Hey Merrix, I was reading at page 35 of your journal that at 5 months after the surgery you weren't able to get more than 30 pumps in it. Today they are way more, but if you pump only 30 where do you get at? Like at 50% inflation or so?
Cuold it be that the reason of why they increased so much its because you always pushed them to the limit?
My Journal
Re: My Journal
Hard flaccid syndrome since 2019. Trying to get better with conservative treatments but an implant is on my radar
Re: My Journal
cbinspok wrote:Thanks Merrix
Always enjoy your thoughts and style, a Q for you…
What are your thoughts on renewing the implant when it eventually petters out (pon intended).
Tx Cb
My thoughts on renewing it...
Not much to think about. When it happens I'll have to get it replaced. It's been six years now, and still works great. Actually, it works better the longer time goes.
The only thing I've noticed is that it makes a bit more sound/noise when inflating now than it did in the beginning. Not sure if that's a bad sign, but I heard from Eid that it is normal.

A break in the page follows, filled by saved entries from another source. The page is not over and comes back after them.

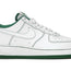 Welle Applies Pine Green Contrast Stitching On The Air Force 1, while matching hits complement along the tongue's branding as well as the cloth of the lining. Treads follow suit replete with its embossed stars forward, while the upper's core leather construction builds a neutral foundation in optical white. Get these classic pine green AF1 today !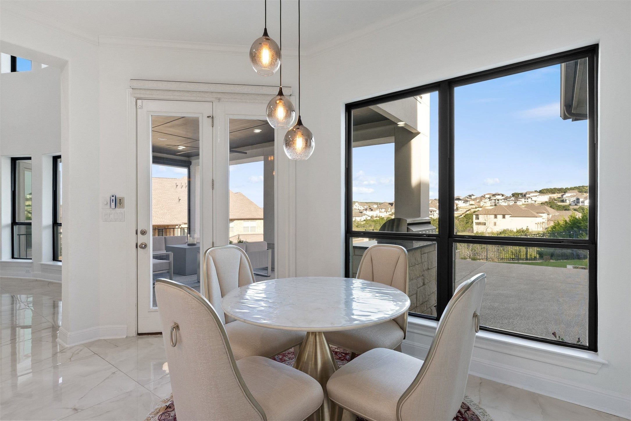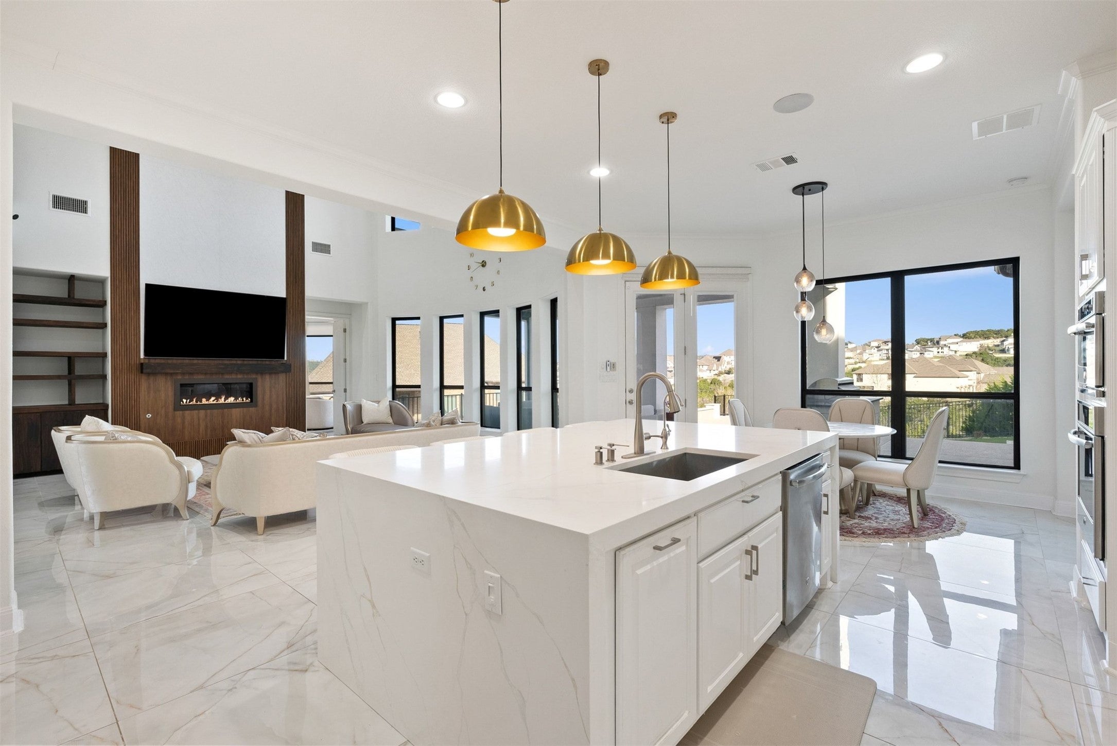 This Travisso two-story single-family home offers 5 bedrooms, 4.5 bathrooms, a game and media room, and expansive Hill Country views from an elevated lot, making it an ideal choice for those seeking a balance of quiet relaxation and space for hosting. Set within the 78641 zip code, this Taylor Morrison build combines a spacious layout with high-end finishes that feel both high-quality and welcoming. Living in Travisso provides a peaceful atmosphere while keeping you close to the natural beauty of the Texas Hill Country and the growing amenities of Leander. The main level centers on a living room featuring a floor-to-ceiling fireplace and custom built-in shelving and cabinetry. Just past the living area, the kitchen features a quartz waterfall island, an updated backsplash, and a wine fridge. With built-in speakers that extend from the kitchen to the outdoor area, the home is set up for easy entertaining. At the front of the house, a dedicated office with custom built-ins provides a quiet spot to focus. The primary suite is also located on the first floor, offering a custom closet and an ensuite bath with integrated speakers. Upstairs, the media room is ready for movie nights, fully wired with 7.1 surround sound for an immersive experience. The outdoor spaces are just as intentional, with a first-floor patio featuring a built-in 5-burner gas grill, an outdoor kitchen, and extended Cool Crete decking. The second-story balcony provides a great vantage point for the rolling hills. Upgrades throughout the home include a generator, pool equipment, 2 high-efficiency HVAC systems, 2 Rinnai tankless water heaters, and a Kinetico water softener with reverse osmosis. This home is next to the Travisso community center, is close to the upcoming Travisso shopping center, is 5 miles from the local HEB and Walmart, 7 miles from Costco, and only 8 miles from the Target and Cinemark, ensuring that shopping and dining are always within a short drive of your Hill Country home.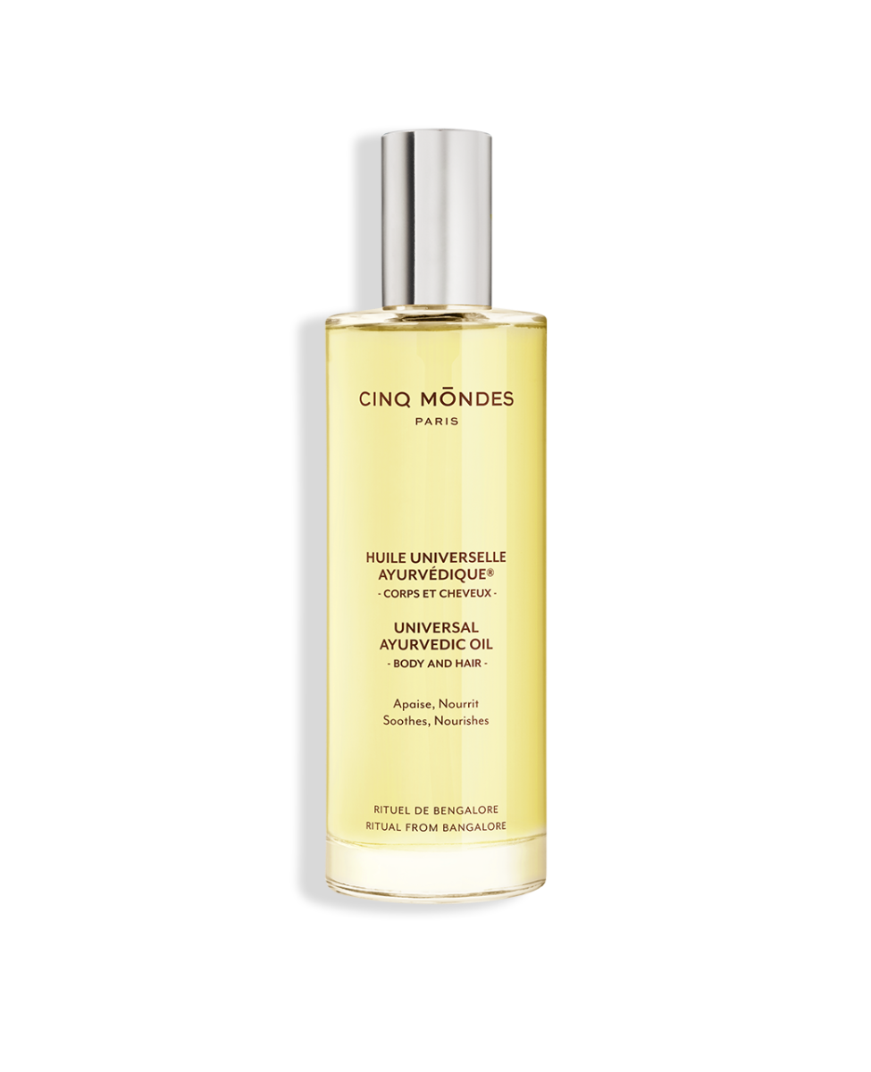 L’Huile Universelle Ayurvédique® s’inspire des huiles issues de l’Ayurvéda, traditionnellement utilisées dans les massages du sud de l’inde pour apaiser et protéger. Combinant des huiles de sésame, moringa et chaulmoogra, cette huile apaisante d'exception offre une expérience sensorielle unique pour le corps et les cheveux. Elle nourrit instantanément et durablement la peau, tout en la protégeant du vieillissement prématuré. Idéale en massage pour toutes les peaux ou en soin pour les cheveux abîmés ou fatigués.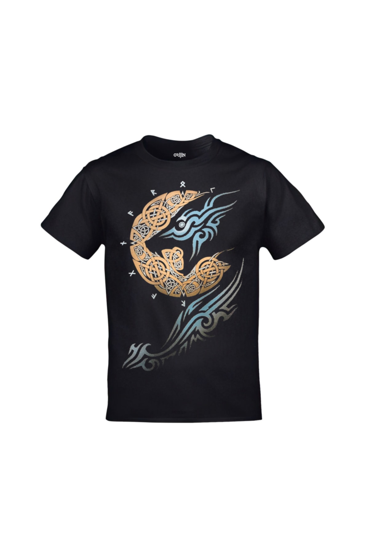 Ragnarok Moon Vikings Baskılı Unisex Siyah Tshirt
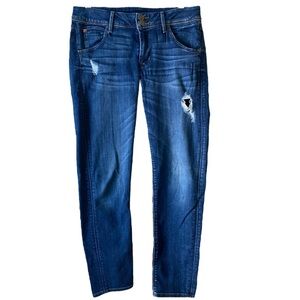 HUDSON Distressed Collin Flap Skinny Low Rise Stretch Blue Denim Jeans Womens 29
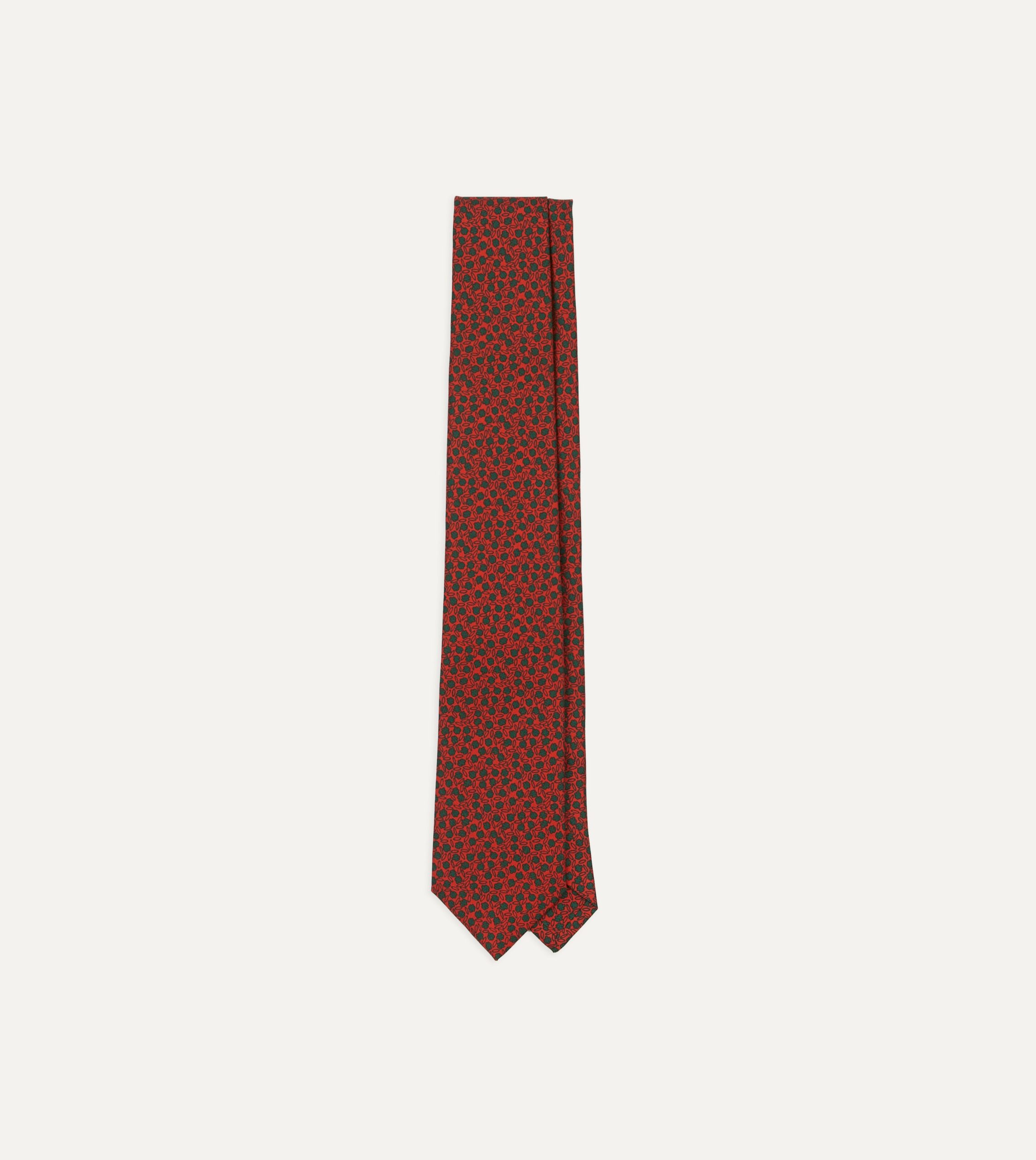 Red Mini Leaves Print Foulard Silk Self Tipped Tie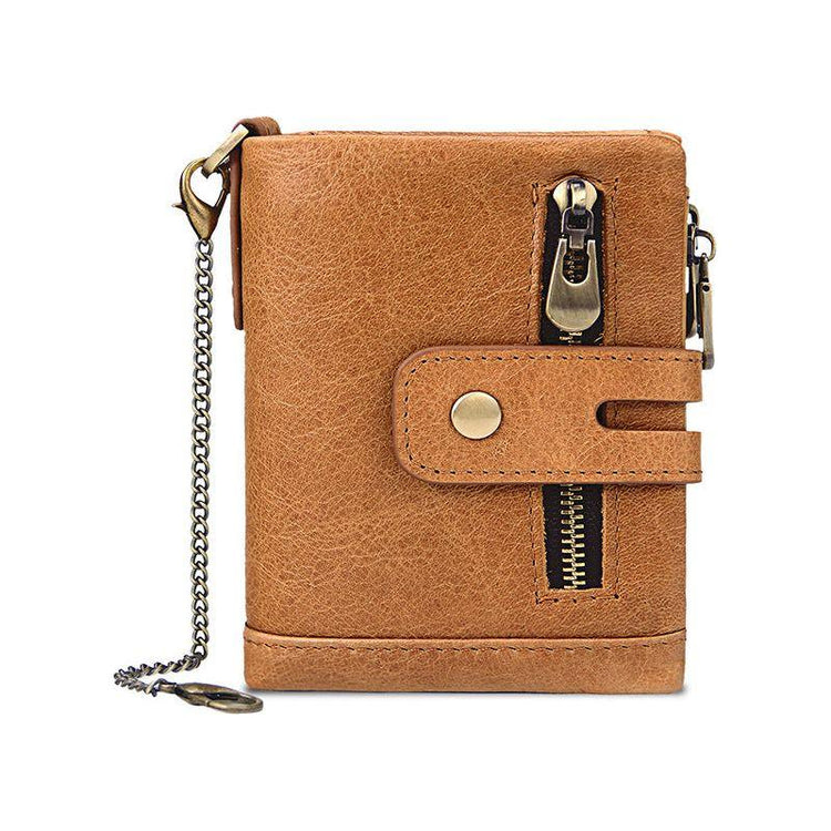 Brown Genuine Leather Tri-Fold Wallet - Fashionable Multi-Card Men's and Women's Wallet

So I hope it will last a few more years, but also realize that at six years, anything can happen. My time can come tonight.
I will definitely go to Eid if possible. I will have to pay everything myself, but I can and I will. Only issue would be Covid and how that impacts the possibilities to go have surgery abroad.
I will choose a Titan again. I am sure I would be happy with the other brand as well, but now I've had the Titan for six years and gotten used to its pros and cons.
I would probably get a smaller flaccid with an LGX, but I don't care the least. I like my flaccid. Now I am used to it, and I wouldn't want it any smaller. The hardness/softness of the flaccid is no issue as well. I am perfectly fine with it. I guess that when I put a new one in, it won't be as pliable as my six years old one, but I also know that over time it will soften.
Then it is the hardness. There are plenty of people around here who says that their LGX is harder than they need. That they don't even pump it fully because it gets too hard then. Everyone is different. But if we assume that what all doctors say is true - Titan is harder when hard and AMS is softer when soft - then I definitely don't want to change. I often pump my Titan till the absolute maximum. Meaning 60-70 pumps, the last 30 with two hands and all the force I can generate. Squeeze that bulb till my face gets blue. Meaning that I would not get that hardness with an LGX. And I would miss that. Different people, different preference. That's me.
So that's my thoughts.
When it happens, it happens. Go to Eid, get another Titan.
43 yo, ED forever from VL
Fit and active
Implanted December 2015
Titan XL 24 cm, no RTEs
Dr. Eid
Activated day 13
Sex after 3 weeks
Gained length and girth
So far It works perfectly
Only one advice: Find a world class surgeon
Fit and active
Implanted December 2015
Titan XL 24 cm, no RTEs
Dr. Eid
Activated day 13
Sex after 3 weeks
Gained length and girth
So far It works perfectly
Only one advice: Find a world class surgeon
Re: My Journal
Thisworld wrote:Hey Merrix, I was reading at page 35 of your journal that at 5 months after the surgery you weren't able to get more than 30 pumps in it. Today they are way more, but if you pump only 30 where do you get at? Like at 50% inflation or so?
Cuold it be that the reason of why they increased so much its because you always pushed them to the limit?
Impossible to answer of course. I don't know.
First of all, it is important to understand that my cycling was not as rigorous as many others. I think I have documented it pretty well in this journal, but from the top of my head, I never did 2*30 minutes per day, every day. Not even in the beginning. That would have been 14*30 minutes per week.
I probably did 5*30+5*5 or something similar. Not every day, and not 30 minutes each time. Just didn't have the time/patience for that. Sometimes just a quick 5-10 minutes while taking a shower.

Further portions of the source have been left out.